1 Star Blazer disassembly notes
3 - The original file I worked with is cracked by Mr. Xerox and obtained from:
4 https://archive.org/download/a2_Star_Blazer_1981_Star_Craft/Star_Blazer_1981_Star_Craft.do
6 - The crack is a bit crude, basically it's a memory dump of how things looked
7 when the original loader was going to transfer control to the game code.
9 - Since I did not want to disassemble a lot of junk I created a different crack
10 loader, it is similar to the original but it only loads the essential parts.
12 - For details about this process see the files in /loader:
14 - The program /loader/dejunk.py overwrites parts of the original binary that
15 I think are junk, see the notes in the code about address range meanings.

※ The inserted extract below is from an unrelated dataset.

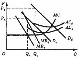Фирма, действующая в условиях монополистической конкуренции, конечно, не совпадает с целой отраслью, как это было в случае фирмы-монополии. Но благодаря дифференциации на своем сегменте рынка она монополист. Поэтому и кривая спроса приобретает характерный отрицательный наклон: рост объема реализации достигается за счет снижения цен.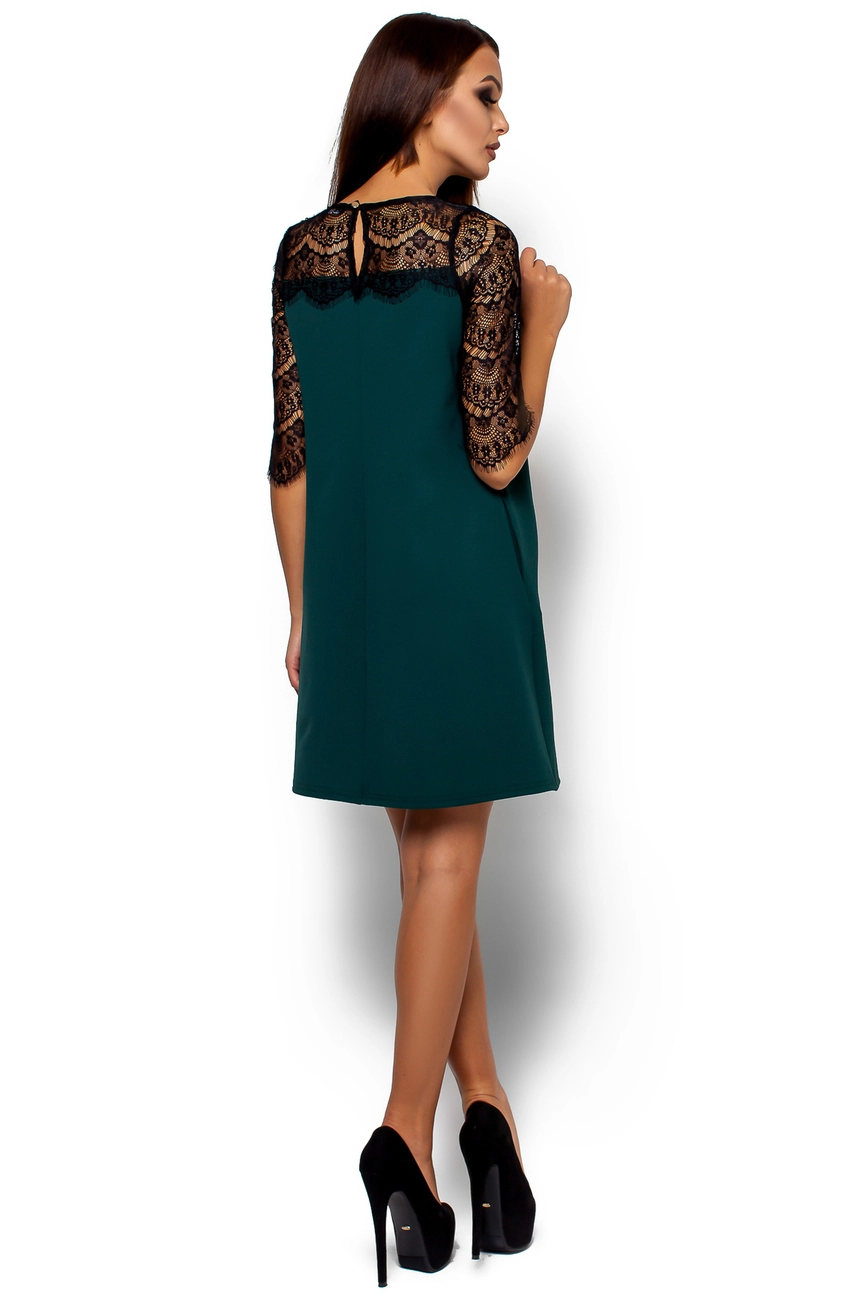 Материал: креп-дайвинг, гипюр Размер: S (42-44), M (44-46), L (46-48) Длина изделия (размер S): 85см Длина рукава (размер S): 35см Полуобхват плечи/грудь/талия/бедра (размер S): 32/44/48/54см Рекомендации по уходу: ручная стирка в прохладной воде Платье свободного кроя из эластичного фактурного трикотажа, верх платья и рукава выполнен из тонкого кружева черного цвета, сзади застегивается на пуговку, рукав 3/4, в боковых швах есть карманы

17 - The files /loader/star_blazer_dejunked*.bin are dejunked with different
18 fill values, I run both of these to check that the dejunking did not break.
20 - The program /loader/hires_loader.py extracts the non-junk parts of the
21 dejunked binary (it works with the original or dejunked binary, but I
22 prefer the latter, since it makes the disassembly cleaner given that there
23 is one region where the alignment padding was not zeroed out originally),
24 concatenates them, and then splits them into parts for my crack loader.
25 It then installs my crack loader and composes the parts ready for loading.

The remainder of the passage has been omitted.